Ansicht des Amphitheaters in Carnuntum In den Limesländern gibt es tausende von Militärplätzen in sehr unterschiedlichem Erhaltungszustand. Viele von ihnen sind Bodendenkmäler und oberirdisch für den Betrachter unsichtbar. Andere werden schon mehr als 120 Jahre wissenschaftlich erforscht und in Ruinenfreigelände und Archäologieparks der Öffentlichkeit präsentiert. Jedes Jahr kommen mit Hilfe der Luftbild- bzw. der geophysikalischen Prospektion und der zahlreichen Rettungsgrabungen neue Anlagen hinzu. Alle diese Denkmäler bilden zusammen mit den römischen Funden in den Limesmuseen einen großen archäologischen Schatz. Während einzelne am besten bekannte Ruinen der römischen Militärarchitektur durch Denkmalschutzgesetze geschützt sind, werden jedes Jahr viele archäologische Hinterlassenschaften vor allem in den städtischen, aber auch in ländlichen Regionen beschädigt oder unwiederbringlich zerstört. Viele Anlagen sind durch Straßenbauprojekte, öffentliche und private Bautätigkeit, die Errichtung neuer Einkaufszentren oder die Landwirtschaft massiv bedroht. Eine Nominierung als Welterbe soll helfen dieses archäologische Erbe zu identifizieren und für die nächsten Generationen so gut als möglich zu bewahren.

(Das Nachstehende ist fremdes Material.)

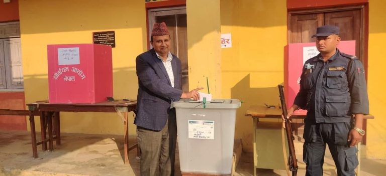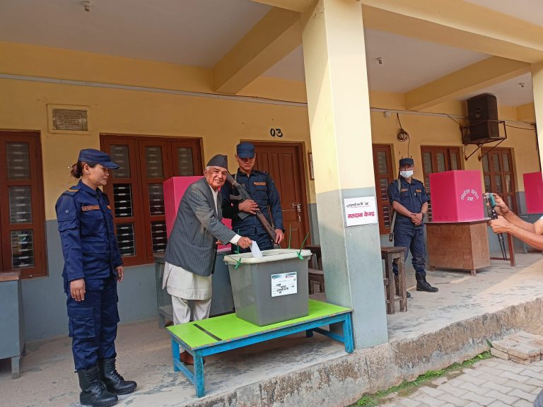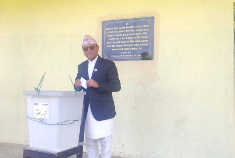 काठमाडौं, स्थानीय तहको निर्वाचन अन्तर्गत आज बिहानदेखि सुरु भएको मतदानमा विशिष्ट व्यक्तित्वहरु र दलका शीर्ष नेताहरुले मतदान गरिसक्नुभएको छ । प्रधानमन्त्री, सभामुख, प्रमुख निर्वाचन आयुक्त तथा दलका शीर्ष नेताहरुले मतदान गर्नुभएको छ । हेरौं तस्बिरहरु

Obwohl es zahlreiche nationale Bemühungen gibt, fehlte bis vor kurzem eine europaweit harmonisierte, strategische Planung zur Dokumentation und Präsentation dieses internationalen Kulturerbes. Das Hauptziel der internationalen Zusammenarbeit von Denkmalschützern und Archäologen richtet sich auf den stufenweise Ausbau eines multinationalen UNESCO Welterbes „Grenzen des römischen Reiches“. Neben dem denkmalpflegerischen Schutz soll ein erhöhtes Bewusstsein für das Monument auch die Akzeptanz in der Öffentlichkeit in den einzelnen Ländern verbessern.